* [GIVEN INFORMATION]:
+-------+
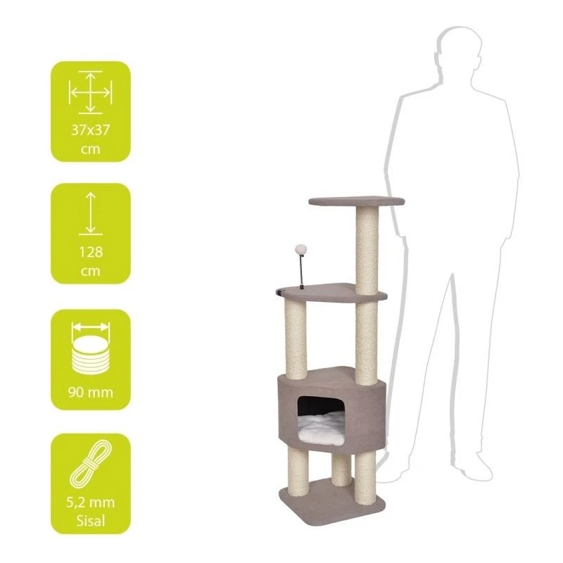 Les chats ont besoin d’un griffoir de qualité pour prendre soin de leurs griffes et marquer leur territoire. Le sisal est une fibre naturelle très robuste qui aide le chat à enlever la couche supérieure floconneuse de ses griffes et qui empêche donc la croissance des griffes. Un griffoir est donc indispensable pour chaque chat ! L’arbre à chat ‘Kobe’ d’EBI, de design néerlandais, s’inspire du concept japonais Zen. L’esthétique de cet arbre à chat est empreinte de calme et de minimalisme. Recouvert d’un tissu doux, cet arbre est adapté à chaque intérieur. Il est également muni d’un abri de coin surélevé avec coussin en peluche pour un sommeil très confortable. Au-dessus de l’abri, nous avons prévu deux plateformes qui permettent au chat d’assouvir son besoin d’escalade et de trouver l’endroit parfait pour une vue d’ensemble. Les deux niveaux contiennent de la mousse sous le tissu. Cet arbre à chat est donc le lieu de détente parfait pour votre chat. Et le jouet sur ressort assure un divertissement supplémentaire.
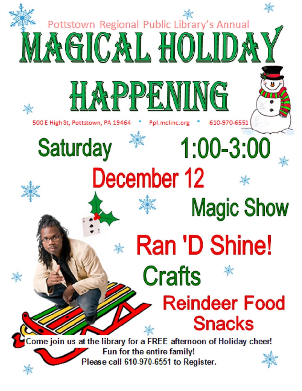 Brightening our holiday season, Ran'D Shine will be bringing his magic, humor, and love of reading to the Pottstown Regional Public Library Saturday.
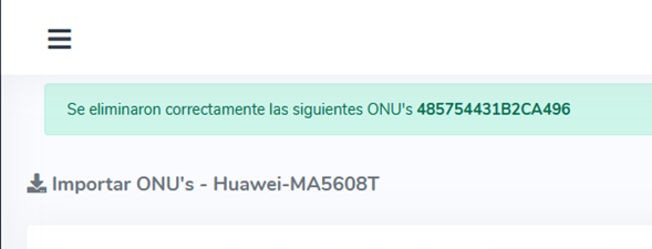Sí decide eliminar la onu de AdminOLT. De click en el siguiente botón
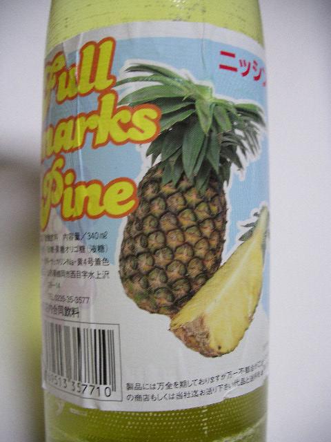 パイン味Full marksパインサイダーです。東洋一の大噴水で有名な月山湖売店で購入。
+-------+
* [YOUR INSTRUCTIONS]: Repeat only the lines from the one with "Brightening our holiday" through the end of the data, both included and exactly as written. Pictures stay out of the copy.

* [ANSWER]:
 Brightening our holiday season, Ran'D Shine will be bringing his magic, humor, and love of reading to the Pottstown Regional Public Library Saturday.
Sí decide eliminar la onu de AdminOLT. De click en el siguiente botón
 パイン味Full marksパインサイダーです。東洋一の大噴水で有名な月山湖売店で購入。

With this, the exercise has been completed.